The metal chelate catalyst is used in an amount of 0.01 to 5.0% based on the weight of the epoxy resin. Preferably it is 0.1-3.0%. In addition, a small amount of imidazole and triphenylphosphine (TPP) are used as metal chelate catalysts.
And a hardening accelerator microencapsulated.

The acetylacetone (2,2) used in the present invention
4-pentanedione) suppresses the activity of the metal chelate catalyst at a low temperature and imparts storage stability to the epoxy resin composition. Acetylacetone has a boiling point of 140 ° C., and is scattered and driven off with an increase in temperature during curing, so that the original curability of the metal chelate catalyst can be exhibited. The catalyst system containing acetylacetone in the above-mentioned metal chelate catalyst can exhibit excellent storage stability and good curability. Acetyl acetone is suitably used in an amount of 0.2 to 3 parts by weight per 1 part by weight of the metal chelate catalyst.

The liquid epoxy resin composition of the present invention may contain a small amount of a liquid epoxy resin such as bisphenol A type or bisphenol F type. Also, if necessary, a small amount of a solvent, a reactive diluent, an antifoaming agent, a coloring agent such as carbon black, an antimony trioxide or a brominated epoxy resin, a flame retardant such as red phosphorus, and a silane coupling agent such as epoxy silane. Additives such as silicone oil, epoxidized polybutadiene, flexible agents such as carboxylic acid-terminated acrylonitrile butadiene rubber, and thixotropic agents such as finely divided silica can be appropriately added and blended.

The liquid epoxy resin composition of the present invention is usually used without a solvent, but a high-solid composition may be prepared by blending a small amount of a solvent in order to increase the filling and lower the coefficient of thermal expansion. Solvents used for the high solid type include aromatic hydrocarbons such as toluene and xylene; ketones such as acetone, methyl ethyl ketone, methyl isobutyl ketone and diacetone alcohol; ethers such as propylene glycol methyl ether; and esters such as butyl acetate. ,
Alcohols such as butanol and the like are used alone or in combination of two or more.

The reactive diluent used for the solventless type is butyl glycidyl ether (BGE), phenyl glycidyl ether (PGE), cresol glycidyl ether (C
GE), monoepoxy compounds such as styrene oxide (SO), polyepoxy compounds such as diglycidyl ether (DGE), diallyl phthalate, glycidyl methacrylate, and lactone.

The epoxy resin composition of the present invention comprises an alicyclic epoxy resin, a spherical filler, a metal chelate catalyst, acetylacetone and, if necessary, additives such as a solvent, a reactive diluent, and a thixotropic agent. It is manufactured by mixing using a mixer and then degassing under reduced pressure as necessary. The composition thus obtained contains 3 ppm or less of ionic impurities typified by free sodium ions and free chloride ions by using an alicyclic epoxy resin, and
The viscosity is stable for more than one month when stored at ℃. Also 150
It can be cured at ~ 160 ° C for 2 hours. A semiconductor device or the like is sealed by dispenser application and screen printing using the epoxy resin composition obtained in this manner. The cured composition exhibits excellent moisture resistance and a coefficient of thermal expansion (1-5) × 10 at a glass transition temperature of 200 ° C. or higher.
^It has a performance of ^-5 .

[0020]

The present invention will be described below in detail with reference to examples. Note that “parts” and “%” described in Examples and Comparative Examples all indicate “parts by weight” and “% by weight”.

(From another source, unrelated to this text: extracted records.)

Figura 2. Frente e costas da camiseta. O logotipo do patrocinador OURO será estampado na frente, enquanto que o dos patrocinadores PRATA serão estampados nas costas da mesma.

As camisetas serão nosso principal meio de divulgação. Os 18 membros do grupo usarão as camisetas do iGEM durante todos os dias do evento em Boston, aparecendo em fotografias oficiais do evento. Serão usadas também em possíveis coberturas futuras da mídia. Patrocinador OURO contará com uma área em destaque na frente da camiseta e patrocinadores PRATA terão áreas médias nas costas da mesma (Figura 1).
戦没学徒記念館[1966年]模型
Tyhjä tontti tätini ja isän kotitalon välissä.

Examples 1 to 5 and Comparative Example 1 A liquid epoxy resin composition was obtained by mixing at a mixing ratio as shown in Table 1 with a planetary mixer for 2 hours. The viscosity, storage stability, glass transition temperature, adhesion, and solvent resistance of the obtained epoxy resin composition were evaluated by the following methods. Table 2 shows the characteristic evaluation results.

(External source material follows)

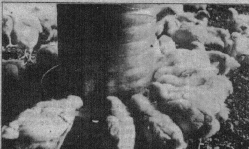
O crescimento das aves depende da boa alimentação
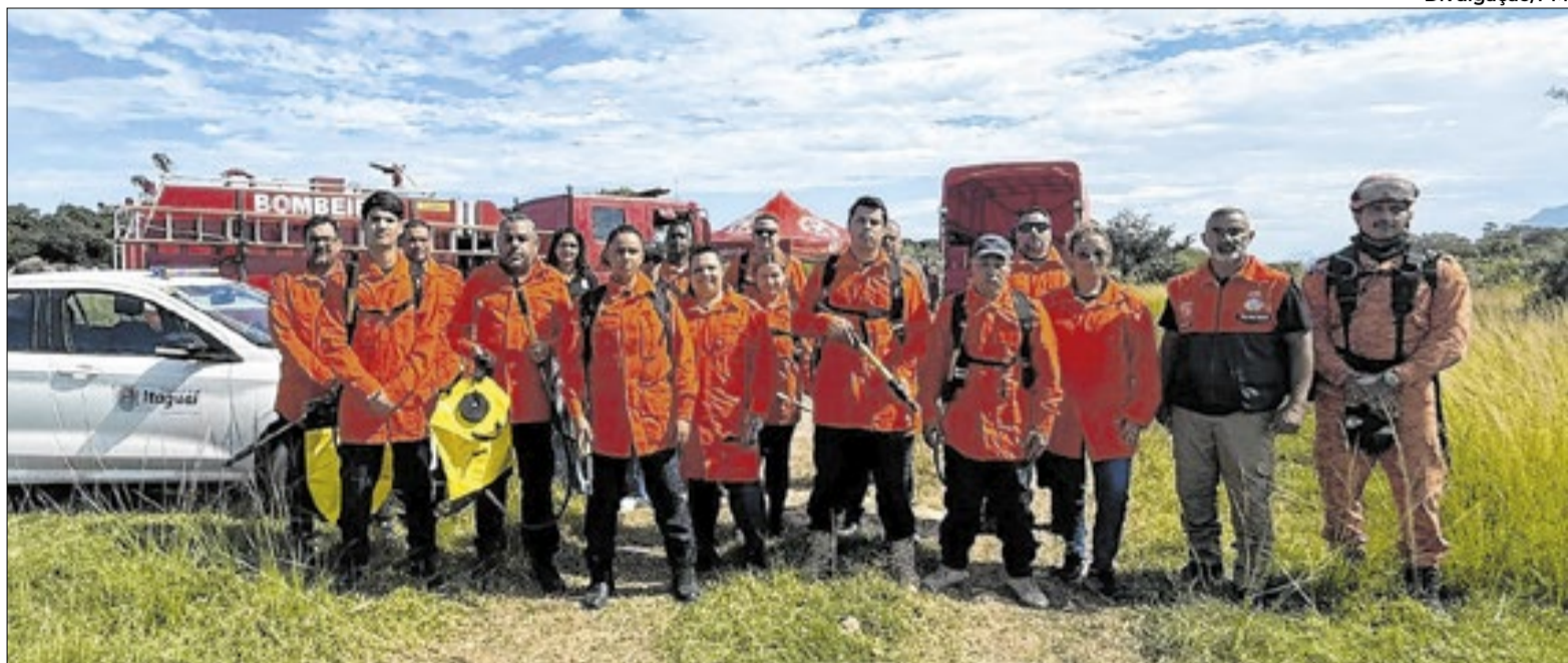
O objetivo da capacitação é saber como agir diante de fogo em vegetação

É por esta razão que a Defesa Civil de Itaguaí investe na qualificação dos seus agentes e

The evaluation was performed as follows. 1. Viscosity The viscosity at 25 ° C. was measured using a Visco tester viscometer. 2. Storage The epoxy resin composition was stored at a temperature of 25 ° C., and the number of days at which the viscosity doubled was determined. 3. Glass transition point After flowing the epoxy resin composition into a mold, the temperature was 70 ° C. 30
Min, 100 ° C. for 30 minutes, 150 ° C. for 2 hours, cut the cured product into a size of 5 × 5 × 10 mm to make a test piece,
The measurement was performed at a heating rate of 5 ° C. per minute by TMA. 4. Adhesiveness After dropping the epoxy resin composition onto an alumina substrate to a diameter of 5 mm (about 0.1 ml), the temperature was set to 70 ° C. for 30 minutes,
The composition was cured at 30 ° C. for 30 minutes and at 150 ° C. for 2 hours to prepare test pieces for evaluation. The load until the test piece was peeled off using a push-pull gauge was measured, and the adhesion strength was indicated in kg / 5 mmφ. 5. Solvent Resistance After pouring the epoxy resin composition into a 50 × 50 mm mold, the composition was cured at a temperature of 70 ° C. for 30 minutes, at a temperature of 100 ° C. for 30 minutes and at a temperature of 150 ° C. for 2 hours to prepare a test piece for evaluation. The hardness of this test piece was measured by a Barcol hardness tester after immersion in acetone and after immersion in acetone for 1 hour, and the solvent resistance was evaluated based on the degree of change in hardness.

[0023]

[Table 1]

Alicyclic epoxy resin (A): BRL-4221 (Union Carbide Co., Ltd.) Alicyclic epoxy resin (B): Celloxide 3000 (Daicel Chemical Industries, Ltd.) Alkyl phenol resin: Cresol formaldehyde novolak resin Spherical Fused silica: FB-35 (Electrochemical Co., Ltd.) Spherical alumina: AS-30 (Showa Denko Co., Ltd.)

[0025]

[Table 2]

[0026]

The liquid epoxy resin composition of the present invention can be reduced in viscosity even when filled with a large amount of filler, and has good preservability, so that it is easy to handle and excellent in workability. Furthermore,
This composition is quick-curing, has a high glass transition point of the cured product, and has excellent adhesion to a substrate. Therefore, the liquid epoxy resin composition of the present invention can be effectively used for encapsulating semiconductor devices.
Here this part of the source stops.